Marduk no Manifesto Bar – Panzer Division Live Hellfire
O Manifesto Bar recebeu uma verdadeira ofensiva sueca. O Marduk voltou a São Paulo para tocar Panzer Division Marduk na íntegra — e entregou exatamente o que se esperava: uma hora de guerra, barulho e poder.
Logo de cara, deu pra perceber que o novo Manifesto está mais acessível, com estrutura melhor, som mais limpo e iluminação mais forte. A casa estava com cerca de 70% da capacidade — o suficiente pra criar uma atmosfera intensa, mas sem o sufoco de ficar espremido até o último centímetro.
Quando o primeiro ataque de “Panzer Division Marduk” começou, o chão vibrou. O som era uma muralha — seco, pesado, destrutivo. A sequência das faixas foi um desfile de brutalidade: “Christraping Black Metal”, “Scorched Earth”, “Beast of Prey”, “Fistfucking God’s Planet”… tudo tocado com aquela precisão impiedosa que só o Marduk domina.
O álbum Panzer Division Marduk, lançado em 1999, foi um marco do black metal extremo — o ponto onde a banda decidiu transformar guerra em som. É rápido, direto e sem piedade, e ao vivo isso ganha outra dimensão. O peso que o Marduk alcança no palco é algo quase inimaginável: as guitarras cortam o ar, o baixo treme o peito e a bateria parece um canhão antiaéreo.
Entre os hinos do Panzer, a banda ainda presenteou o público com outras pedradas da carreira: “Slay the Nazarene”, “Shovel Beats Sceptre” e a sombria “The Black”. O público respondeu com rodas intensas e um coro que misturava gritos e reverência. No final, o encerramento veio com “The Blond Beast”, deixando todo mundo atordoado — um fim digno de batalha vencida.
Mortuus comandou o caos com sua habitual presença sombria. Sem discursos ou pausas, apenas gestos firmes e o olhar gelado de quem veio pra destruir. A postura militar da banda dá sentido ao nome do álbum — é uma operação de guerra, cada membro cumprindo seu papel com disciplina assassina.
O Manifesto aguentou bem o impacto: o som estava limpo, potente e equilibrado, o que nem sempre é fácil em shows de black metal. A iluminação destacou bem o clima marcial da performance, alternando vermelhos e brancos que lembravam explosões no front.
O público, por sua vez, parecia completamente tomado. Nada de celulares levantados ou distrações — só corpos se chocando e cabeças balançando. É raro ver uma plateia tão entregue, especialmente num show tão direto e sem respiro.

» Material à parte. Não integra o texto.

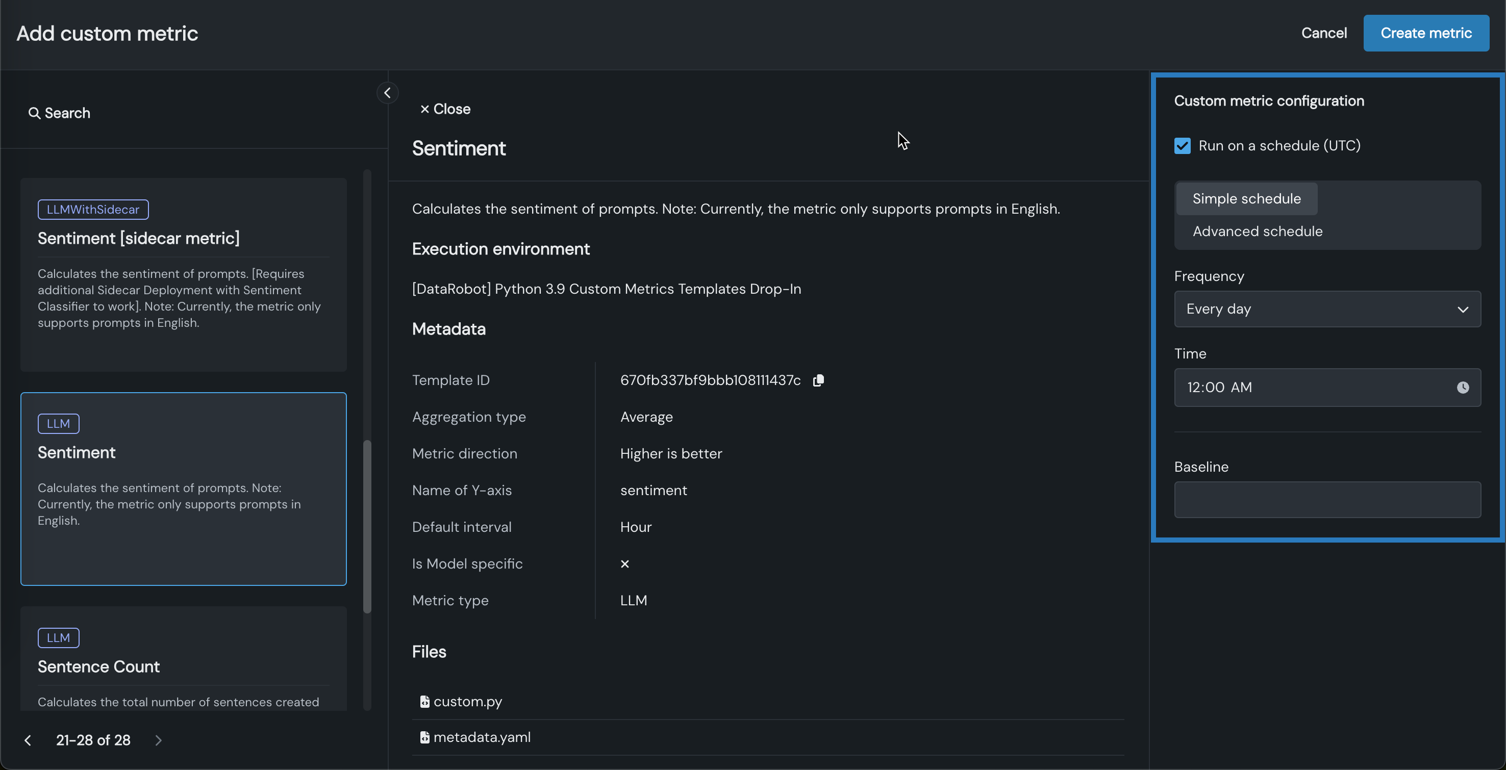 After you select a metric from the list, in the Custom metric configuration sidebar, configure a metric calculation schedule or run the metric calculation immediately, and, optionally, set a metric baseline value.
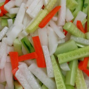 我是喜欢吃黄瓜,所以就放了两根,其实这个很随意,看你自己喜欢。然后分别把胡萝卜和白萝卜切成条,最好不要太厚太大。均匀一点。

Mas, se o novo Manifesto acertou em estrutura e som, ainda tem um ponto a rever: o sistema de comandas. Em dias de shows grandes, o esquema atrasa demais tanto na entrada quanto na saída, formando filas desnecessárias. Um sistema de fichas ou pulseiras pré-pagas nesses dias facilitaria a vida de todo mundo — e faria jus à evolução que o espaço vem mostrando.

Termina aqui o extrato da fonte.